*Something* told me I should go to the library and check out one of the volumes of Saintsbury's great history of English prosody. I didn't even know exactly why I needed it until I started reading it again, but I knew it had something to do with my current project. Now, of course, I realize that I needed to look at his contrast between blank verse before Shakespeare, with its end-stopped, hiccuping lines, and Shakespeare's more fluid approach, in order to work on this chapter on the Spanish verse-paragraph. I had half remembered, from reading this maybe 10 years ago, that this would be relevant. He also talks about Milton's approach to paragraphing. It's probably only worth a few sentences, but those few lines could make a significant difference. Spanish prosody, I think, is even more geared toward the unity of the individual
line than English is, so calling in Saintsbury as a reinforcement would be advantageous in making my argument.
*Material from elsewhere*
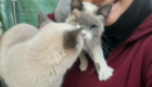 Ze waren amper een maand oud toen ze gevonden werden in een gecontroleerde kattenkolonie. Alles wees erop dat ze gedumpt waren. Ze waren in een heel slechte conditie en hun beide ogen waren geïnfecteerd. Een jonge vrouw nam hen tijdelijk in huis om ze een kans te geven. Vanaf dat allereerste moment kregen ze alle veterinaire zorg die ze nodig hadden en begonnen ze aan een intensieve behandeling die maanden duurde. De klok rond werden hun oogjes gedruppeld en gezalfd. Hun linkeroog herstelde volledig, maar het rechteroog verslechterde steeds meer tot er nog maar een optie overbleef: het oog verwijderen en de wond sluiten. De zusjes herstelden volledig van deze ingreep en konden normaal en pijnvrij verder leven.
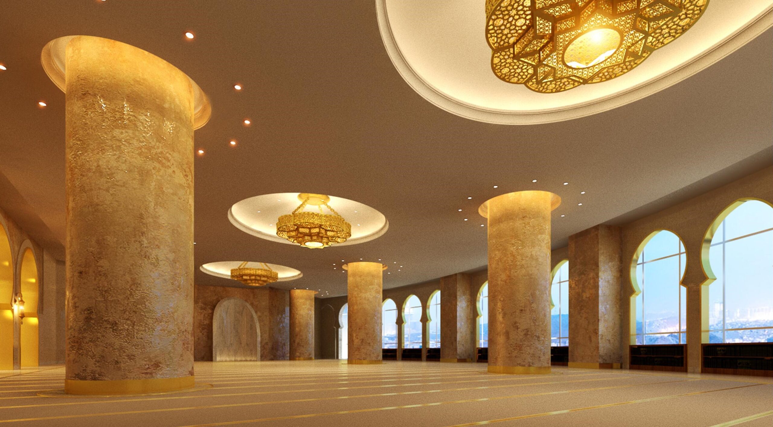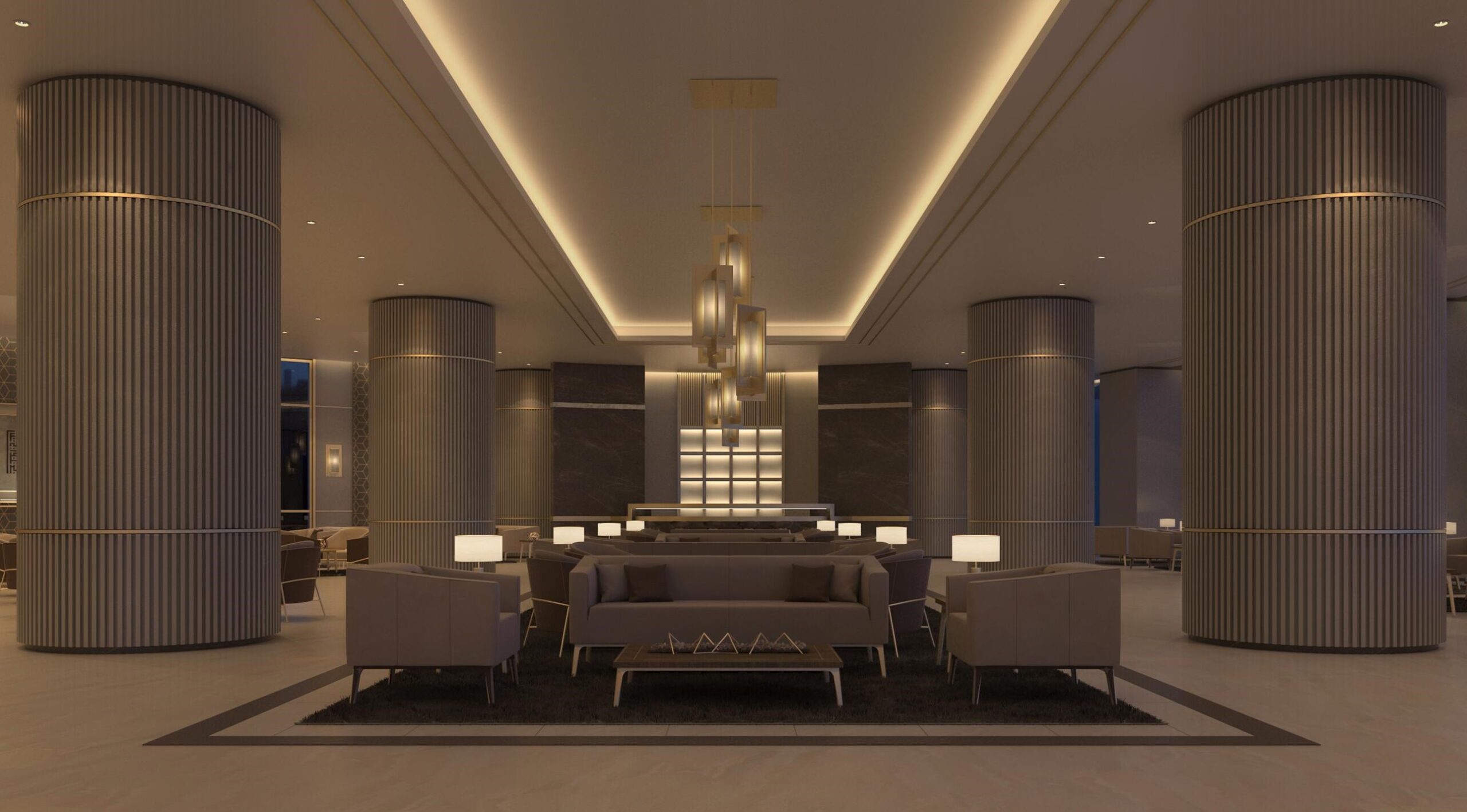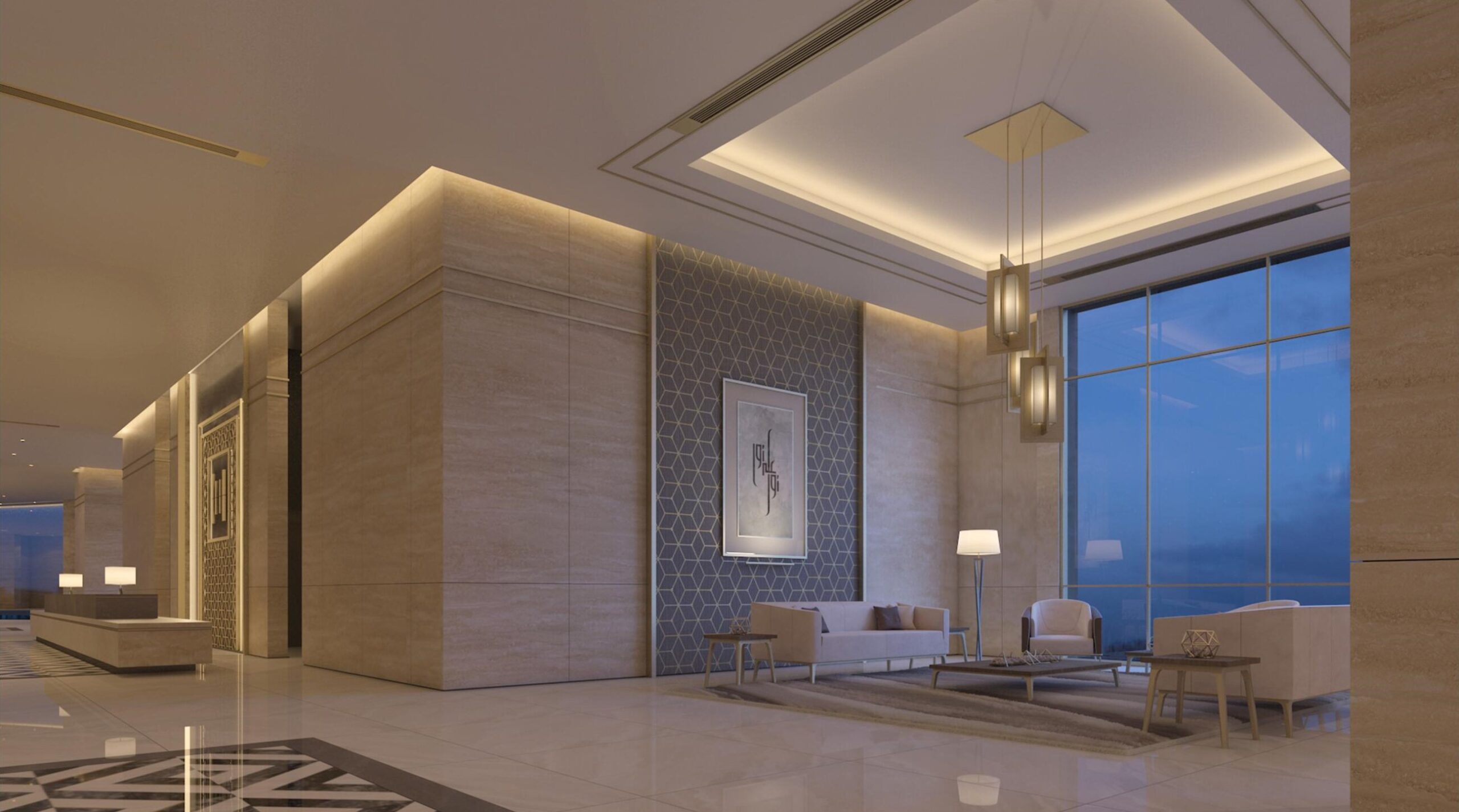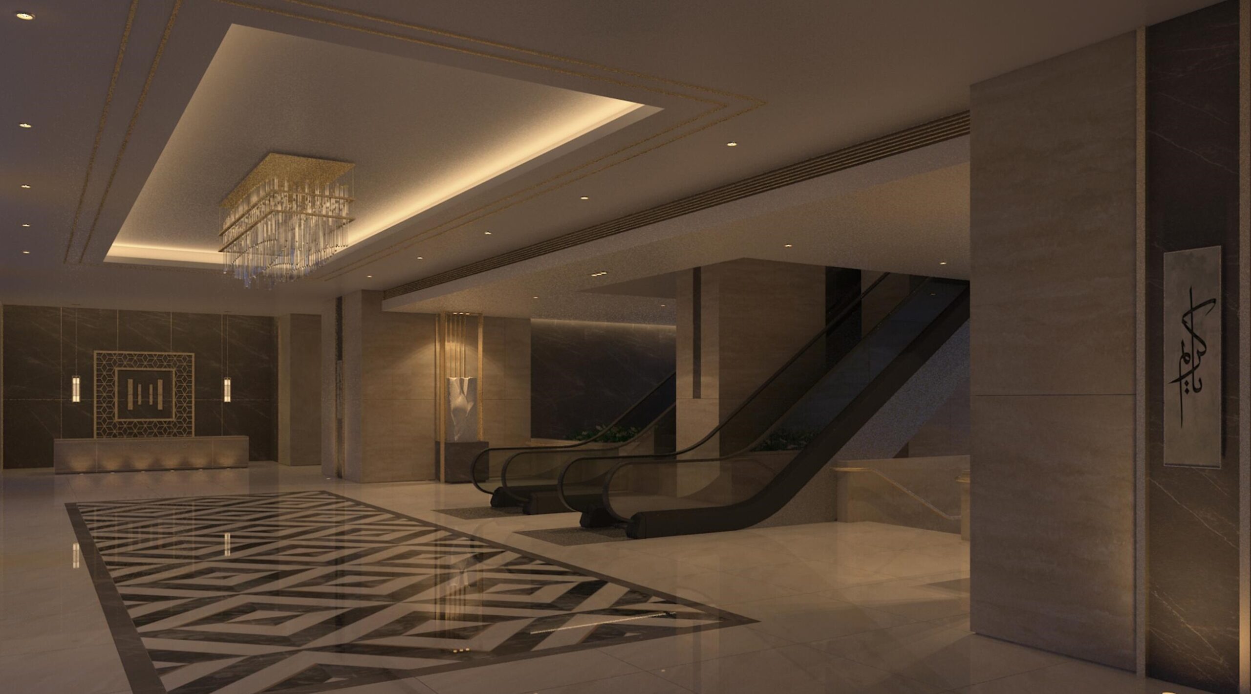 Architecture and interior design are included in the scope of the work. All interior spaces and facilities, such as events halls and restaurants, were designed. The interior design of the attached mosque was also developed. - Hotel accommodations, such as rooms and suites have been created to meet the needs of pilgrims.

The "sense variously drawn out from one Verse into another" and the like.
I find it marvelous that Saintsbury uses the word groove in a modern sense:
But in the second [half of his life], he had what was all his own, a resless and catholic spirit of exploration and appreciation that made it impossible for him to stay in one groove.
I began working on prosody the minute I was in Graduate School. If that had been a more acceptable option professinally and I had been a better linguist, I would have only done that. I remember my professors in Graduate School asking me if I was going to read the entire three volumes of Saintsbury or look only at the abridged version.